Lesson Four: The ‘Clan System’

  • Responsibilities & Expectations of:
    • Chiefs
    • Household Men (aka warband)
    • Gentlemen
    • Tenants
  • How did the ‘clan system’ work?
  • Who are the secondary and minor characters: inhabitants & itinerants
  • Feuds
  • Bonds of Friendship
  • Examples provided from books & films: Rob Roy
  • Create character profiles

Lesson Five: The Major Clans

The origins and history of:

  • Clan Donald
  • Clan Campbell
  • Clan MacKenzie
  • Clan Chattan
  • Clan MacKay
  • Clan MacLeod
  • Creating a fictitious but believable clan

Lesson Six: Women

  • The ties that bind: friendship, marriage & fosterage
  • Trial marriage with a money-back guarantee
  • Marriage
  • Children & Fosterage
  • Witches and wise Women
  • Healing & herbs
  • Create character profiles
  • Novels about women by J. Kearsley, S. Fletcher

Lesson Seven: A taste of Ireland

  • The clans of Gaelic Ireland
  • The men of learning: poets, pipers, harpers, genealogists, historians & seers
  • Galloglasses (mercenaries from Scotland)
  • Raiders & Traders

Lesson Eight:  Disasters & Wars

  • The Wars of the Three Kingdoms
  • The Jacobite Rebellions
  • Emigration
  • Romanticism and tourism
  • Choosing a background for your story
  • Examples from books: D.K. Broster, N. Tranter

Feedback

  • Questions about sources, particular clans and events are welcome
  • You may send your first three pages for feedback

Teacher

Sharron Gunn writing as Sheila Currie

Sheila Currie lives in a world of thousands of books, fiction and non-fiction. Visiting friends worry about avalanches.

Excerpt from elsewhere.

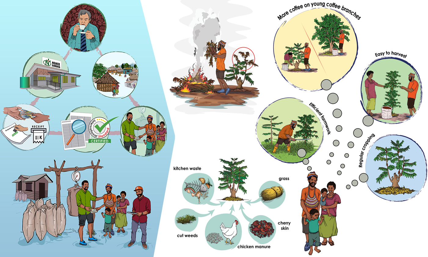 Sample illustrations for a set of over hundred illustrations done for several training modules commissioned by New Guinea Highlands Coffee. 2020 - 2021.

She was born on the east coast of Canada where there are many other people whose families came from Scotland and Ireland. Her love of those countries led her to study in Nova Scotia, Canada and then in Scotland where she obtained an M.A. in Scottish History and Celtic Studies from the University of Glasgow. She was fortunate enough to have a summer job selling Gaelic books door-to-door in the West Highlands and Islands. She went from one cup of tea to the next–a wonderful opportunity to talk to local people and hear their stories. 

She has taught history and Gaelic at university and for Hearts Through History Romance Writers. At long last she has published The Banshee of Castle Muirn, the first book of a trilogy–set in magic and historical Scotland.